Friday, June 18, 2010

Stone Footprints of the Past

Every year my Family meets at the cemetary of our Ancestors for a cleanup. Here is a newspaper article of our last visit:

Stone footprints of the past bond Turnbull descendants to the future Saturday

Published: June 4, 2010

A determined and excited group of the Turnbull Descendants Family Clan will gather at 9 a.m. Saturday as they have for 15 years, at the Horse Arena on the gravel road, which intersects Freeny Valley and Buffalo Hill Roads, deep inside the Stuart Ranch in Northern Bryan County, five miles east of Caddo.

It is the staging point of the group's annual trek through bois d'arc brush and across steep creek bottoms to the 140 year old Turnbull Cemetery. Their assignment:Resist and drive back nature's relentless assault on the cemetery one more year. When weather and logistics threaten a year's effort, the participants are reminded to rely upon their Choctaw character, a mixture of tenacity and patience.
Don't give up.

In addition to the maintenance work for the cemetery through a contact by Turnbull descendant Jim Power, Dr. Keith Strevett of the University of Oklahoma Engineering Department will join the group to do a GPS mapping survey of the cemetery in conjunction with his son's Eagle Scout project.
Also, when the workday concludes about 1:30 p.m.
the task force will reconvene at the Caddo Café for a well earned late lunch at the eatery known for its spareribs, owned and managed by Shelly Parker.
Parker says she is happy to put some extra slabs on the grill for the Cemetery Crew.
The Turnbull descendants are truly grateful to ranch general manager Terry Stuart Forst, Secretary Jana Lucas and local residents Donald Keel, also a Turnbull descendant, and former ranch employee Rick Bagby, for their cooperation and invaluable assistance above and beyond.
Hopefully Rick will be joined by his daughter Deavena and Rick's wonder dog Copper. Jana is especially vital for helping give our hopes wings.

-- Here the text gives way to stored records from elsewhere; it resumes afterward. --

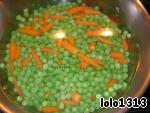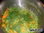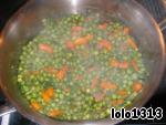 Отварить зелёный горошек с морковью до готовности. Откинуть овощи на дуршлаг.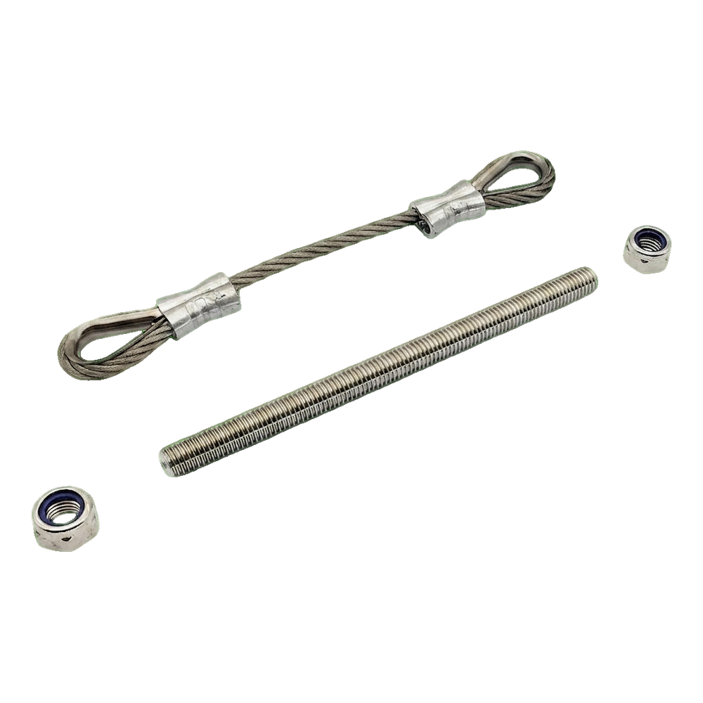 Tillverkad helt av rostfritt stål, vajjern är korrosionsbeständig och tål väderförhållanden, vilket garanterar mångårig driftsäker användning. Användning av pressklämmor i vajjerns ändar säkerställer varaktig och säker förbindelse av öglorna, och de självlåsande muttrarna eliminerar risken för självlossning på grund av vibrationer.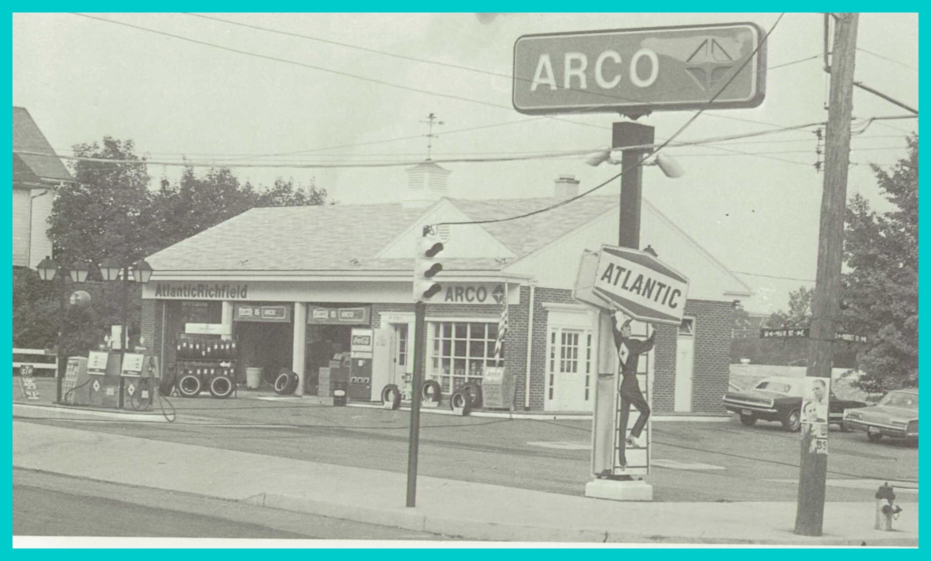A 1971 photograph from an advertisement for Kuppy’s Arco Service Station, Main and Market Streets, Elizabethville, Dauphin County, Pennsylvania.

Each year new participants are welcomed who undergo the rare experience that is like no other. This year the "cousins" will welcome new to the group, Sandy Van Der Linden.
Approximately five miles east of Caddo, the jumping off point leads the voyagers where it might appear no one has been before. As the annual event has grown into a wonderful tradition, the faithful come to honor their Turnbull ancestors and to reassure them they aren't forgotten and have not slipped unnoticed into the pages of history. At times many of these early Indian Territory ancestors were too busy living history to write about it. Some of it still remains to be written as more is learned; what is known must be preserved until it can be put into proper perspective by the present descendants.

Despite the group's annual visit to rebuff the rages of time and the challenge of changing seasons, some of the magnificent tombstones in the cemetery show the effects of more than 140 years of assault by the elements.
Moss filled inscriptions have blurred their readings.
The sandy soil invites some of the tombstones to turn, bow and sink as the years have accumulated since their setting. The earliest marked graves are dated 1874 and 1876.One hundred and twenty man hours of intense labor one day in June each year now sets the cemetery apart from the environment.

Same time next year, first Saturday in June, they will be there, God willing the creeks and springs cooperate.